══ INFORMATION PROVIDED ══

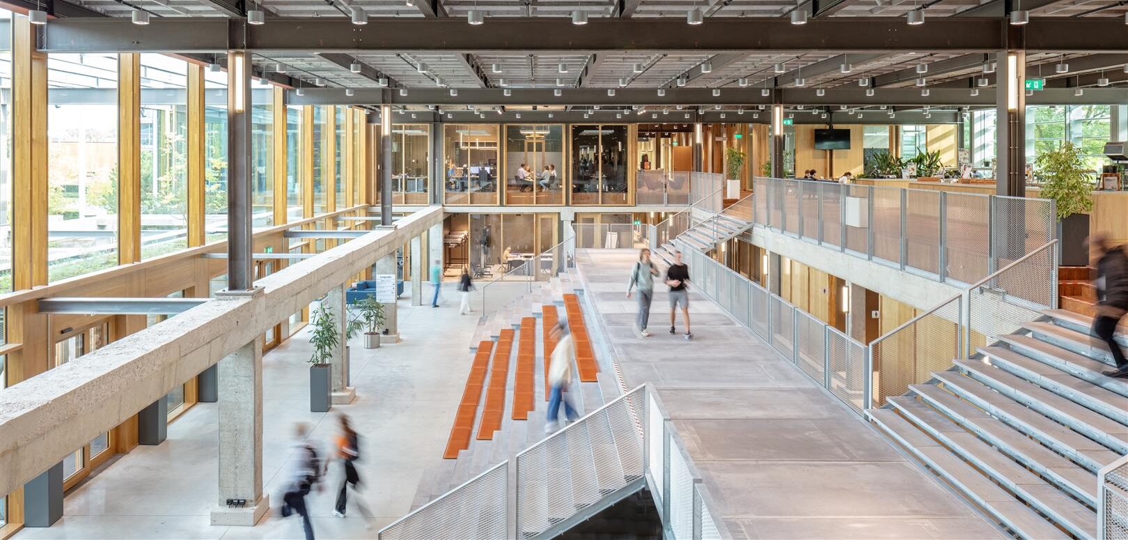 Kracht: transformatie, staal- en betonconstructies blijven in zicht, universiteitscampus, labelsprong
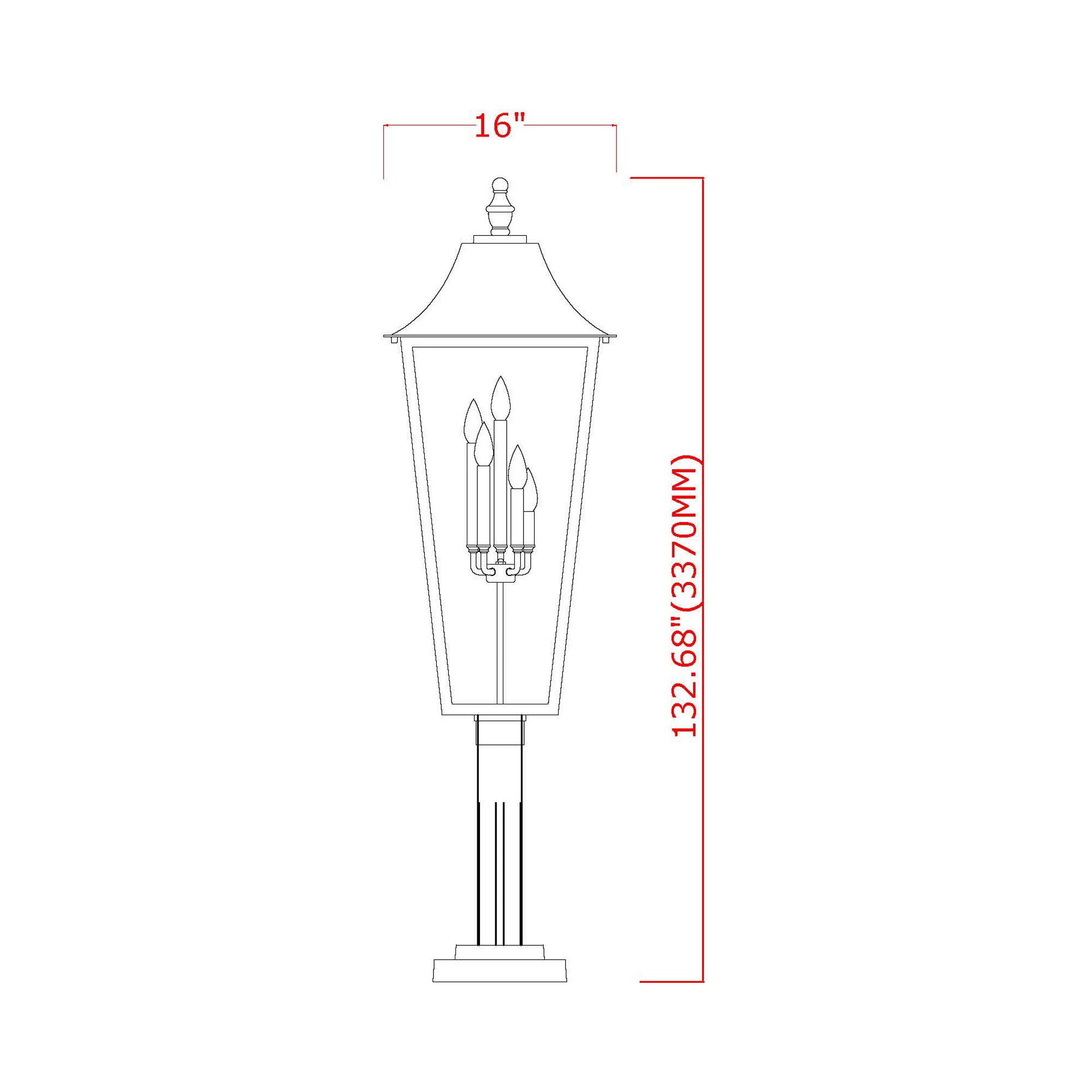 - 16-Inch: 5 X 60W 120V E12(candelabra base) incandescent lamps (not included)
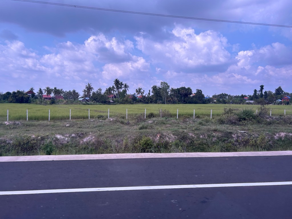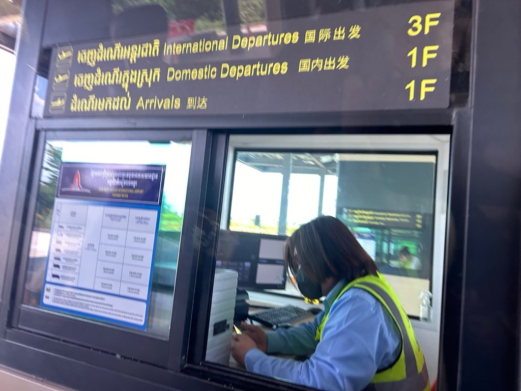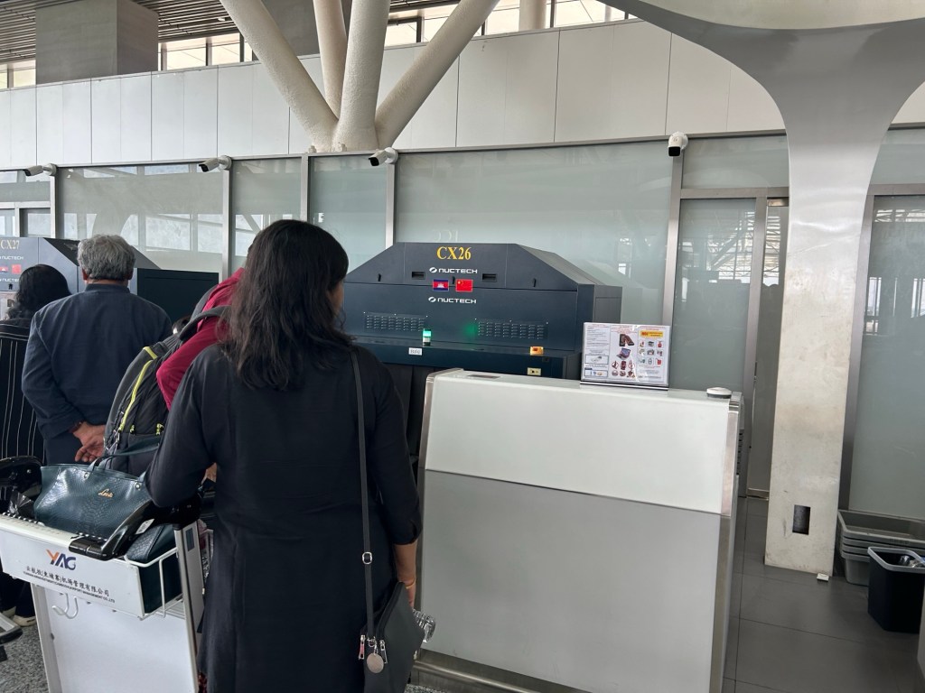 Approaching Siem Reap Angkor International Airport, we drive through a toll plaza with signs including Chinese translations, and TVs showing Chinese state TV. Inside the airport itself, Chinese flag stickers bedeck the suitcase scanning machines. Its pretty clear who’s funded all of this!

═══

ABOUT THIS EXERCISE:
Verbatim output, no pictures: the line holding "- 16-Inch: 5" and all lines after it through the last line of the material, with nothing else.

EXPECTED OUTPUT:
 - 16-Inch: 5 X 60W 120V E12(candelabra base) incandescent lamps (not included)
 Approaching Siem Reap Angkor International Airport, we drive through a toll plaza with signs including Chinese translations, and TVs showing Chinese state TV. Inside the airport itself, Chinese flag stickers bedeck the suitcase scanning machines. Its pretty clear who’s funded all of this!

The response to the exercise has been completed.